● **Provided material**:

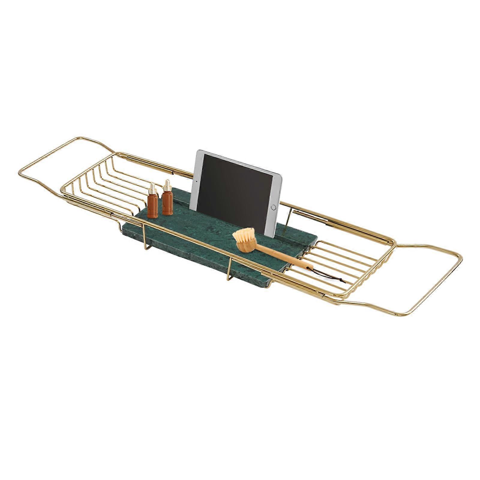 Adjustable Stainless Steel Bathtub Tray with Marble Finish, 44lbs Capacity Expandable Bath Caddy
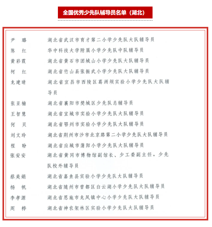 近日,共青团中央、教育部、全国少工委作出表彰,全国437人荣获全国优秀少先队辅导员称号,590个集体荣获全国优秀少先队集体称号。其中,公司优秀毕业生编导0910班张安安光荣上榜,荣获全国优秀少先队辅导员荣誉称号。
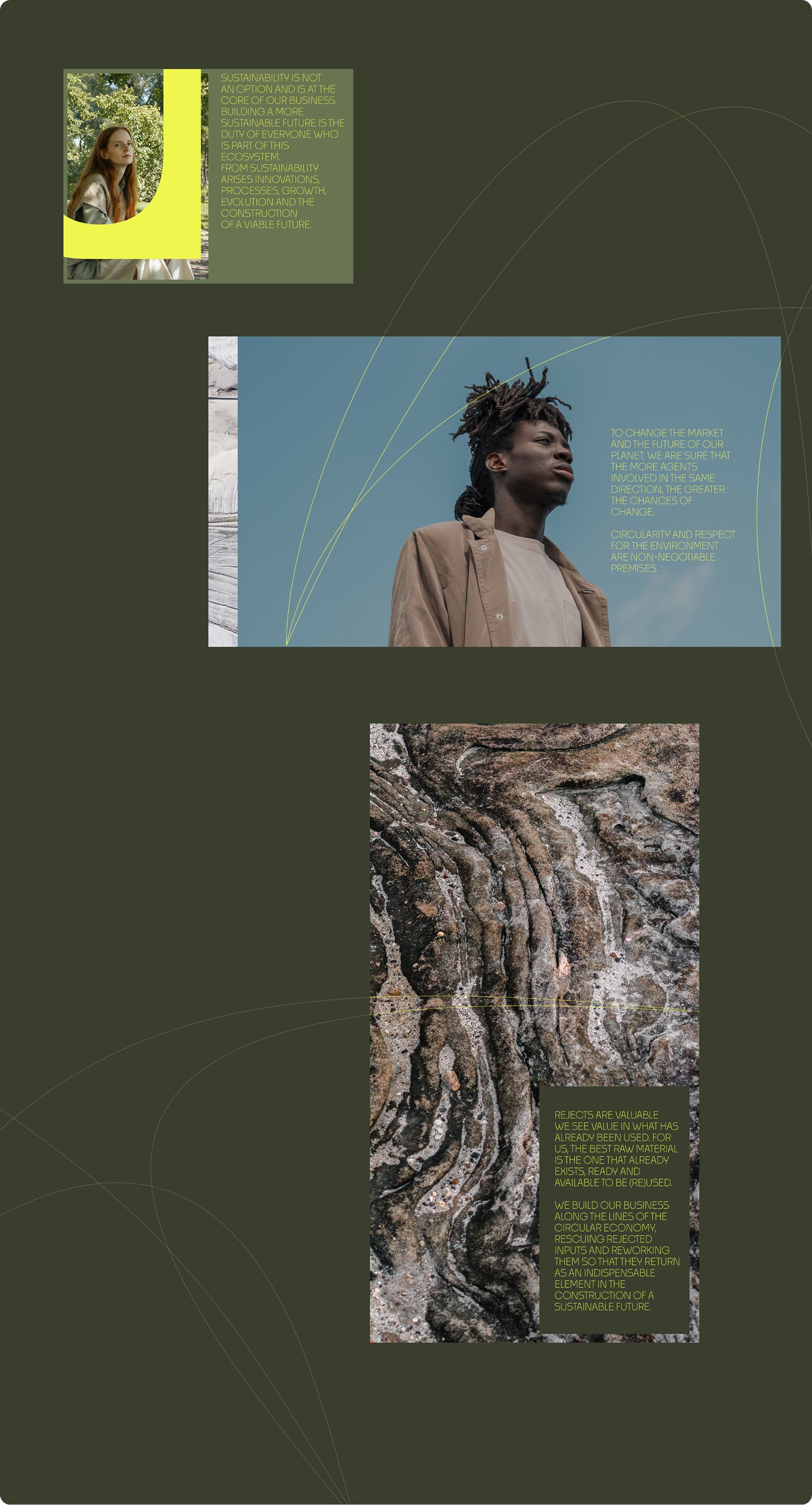 The photographic style was chosen to be sunny, natural, and full of life. nature texture pictures were also used to show awareness of the beauty of the materials – either in a raw state or used, the latter for Circlua being of great value. after all, the best raw material is one that is already in use, ready to be recycled.

● **Task to complete**:
Set the lines down exactly as they stand, from the one containing "近日,共青团中央、教育部、全" through the end of the listing, omitting every picture.

● **Solution to this exercise**:
 近日,共青团中央、教育部、全国少工委作出表彰,全国437人荣获全国优秀少先队辅导员称号,590个集体荣获全国优秀少先队集体称号。其中,公司优秀毕业生编导0910班张安安光荣上榜,荣获全国优秀少先队辅导员荣誉称号。
 The photographic style was chosen to be sunny, natural, and full of life. nature texture pictures were also used to show awareness of the beauty of the materials – either in a raw state or used, the latter for Circlua being of great value. after all, the best raw material is one that is already in use, ready to be recycled.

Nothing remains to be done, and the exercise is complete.